Opponents downplayed Tuesday’s ruling. Brenda Pike, executive director of the Indiana State Teachers Association and a lead plaintiff in the case, said the group now considers vouchers settled law in Indiana. But, she added, Indiana’s borders are where the ruling’s impact ends.
“This was a specific Indiana constitutional law question,” Pike said. “We went through the court system in Indiana, not any federal court system.”
Lawyers for national groups who argued against the Indiana law deferred questions to ISTA on Tuesday.
Solicitor General Thomas Fisher, who defended the law before the state Supreme Court in November, told the justices then that parents were free to send their children to any school they wished, public or private, religious or not.
The court agreed with that, saying in a 22-page opinion written by Chief Justice Brent Dickson that the program primarily benefited parents, not schools, because it gave parents the choice in their children’s education.
Dickson also rejected school voucher opponents’ claims that the state constitution requires a public school system, saying lawmakers have broad discretion in how children are educated.
State School Superintendent Glenda Ritz joined the lawsuit while campaigning last year but removed her name from the list of plaintiffs shortly after winning office.

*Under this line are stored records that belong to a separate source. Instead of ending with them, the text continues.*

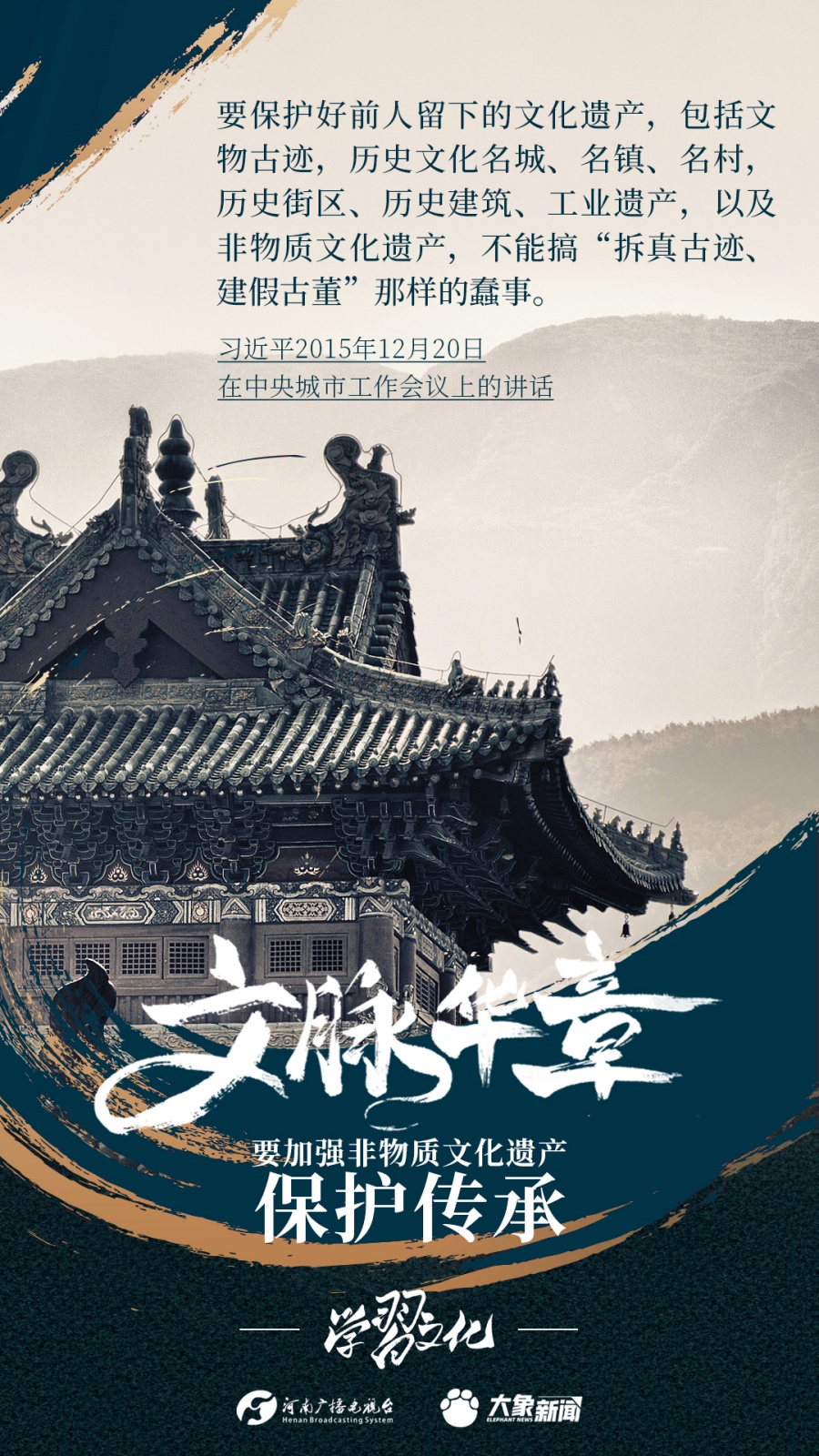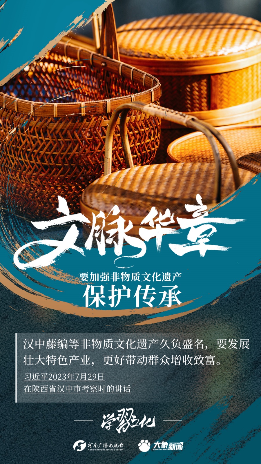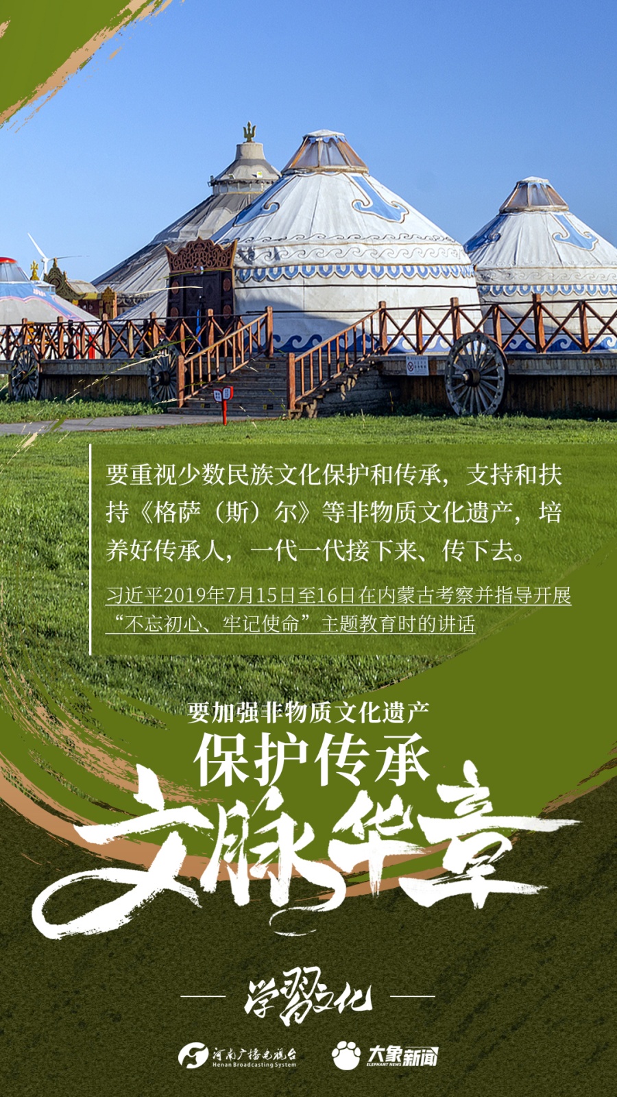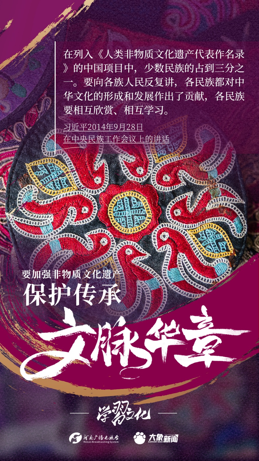 非物質文化遺產是中華優秀傳統文化的重要組成部分,是中華文明綿延傳承的生動見證,是我國各族人民寶貴的精神財富。習近平總書記十分關心非物質文化遺產的保護傳承,多次強調“要扎實做好非物質文化遺產的系統性保護”“培養好傳承人”等。大象新聞為您梳理,邀您一起學習、領悟、踐行。
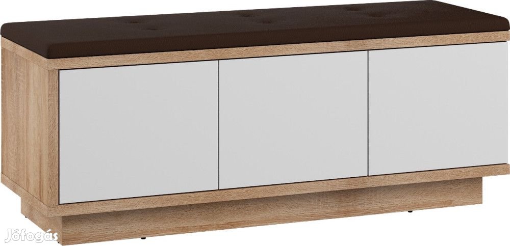 Alacsony ülőkés szekrény 3 ajtóval, belül polcokkal, ülőpárnával a tetején, világos sonoma tölgy és fényes fehér színben, barna huzattal. További információkért kattintson ide:
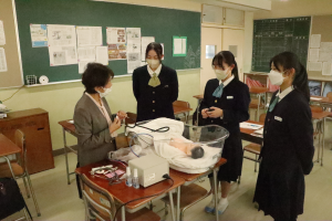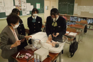 藤枝順心高等学校にて看護志望者を対象に出前授業を行いました。初めて学ぶことや初めて体験することも多く、参加した生徒さんは看護師の仕事への理解が深まり、目指す気持ちが強くなったのではないでしょうか。
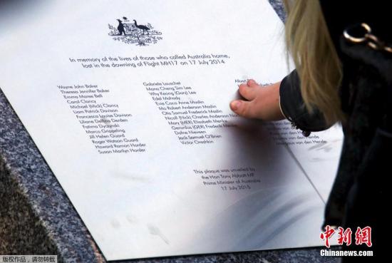 圖為馬航MH17遇難者紀念碑上刻有澳大利亞遇難者的名字。
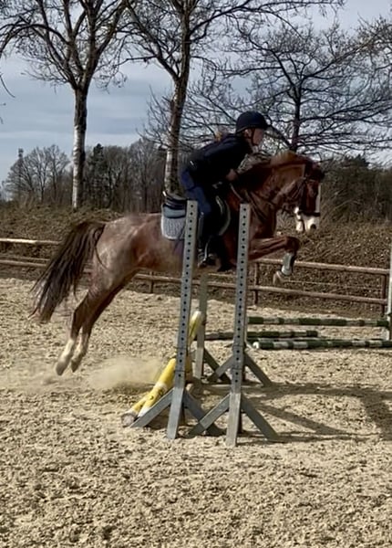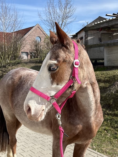 Wunderschönes Sportpony in seltener Farbe Red Roan mit blauen Augen! Zum Verkauf steht eine außergewöhnlich typvolle Sportponystute in der seltenen Farbe Red Roan mit wunderschöner Blesse, vier weißen Beinen und auffällig blauen Augen. Ein absoluter Blickfang mit Sportqualität. „Holde Maid“ ist 6-jährig, mit 1,41 m eingemessen und wurde schonend sowie altersgerecht ausgebildet und startet nun in ihre erste Turniersaison. Sie überzeugt durch ihre sehr guten Grundgangarten, ihre erkennbare Springveranlagung sowie ihre angenehme Rittigkeit. Sie zeigt sich sowohl im Springen, in der Dressurarbeit, im Gelände sowie auf fremden Plätzen stets nervenstark und unkompliziert. Dadurch ist sie sowohl für ein Kind oder ambitionierten Nachwuchsreiter als auch für einen kleineren Erwachsenen interessant. ✔ schmiedefromm ✔ verladefromm ✔ herdenverträglich ✔ klar im Kopf und leistungsbereit Ein vielseitiges Nachwuchspony mit Qualität, das nun den passenden Reiter sucht.

“As State Superintendent, I will follow the court’s ruling and faithfully administer Indiana’s voucher program,” she said in a statement. “However, I personally believe that public dollars should go to public schools, and I encourage Hoosiers to send that message to their representatives in the Statehouse.”
There is still some question about how popular the vouchers are in Indiana. Voters elected Ritz over former Republican Schools Superintendent Tony Bennett, long the state’s most visible supporter of vouchers. But they also awarded a supermajority to House Republicans, who have pushed for a sweeping expansion of vouchers this year.
The expansion bill is awaiting action in the state Senate, where there have been concerns about its cost and whether the Legislature should start making exceptions to the 2011 compromise that then-Gov. Mitch Daniels touted as giving public schools a chance to win over students and parents.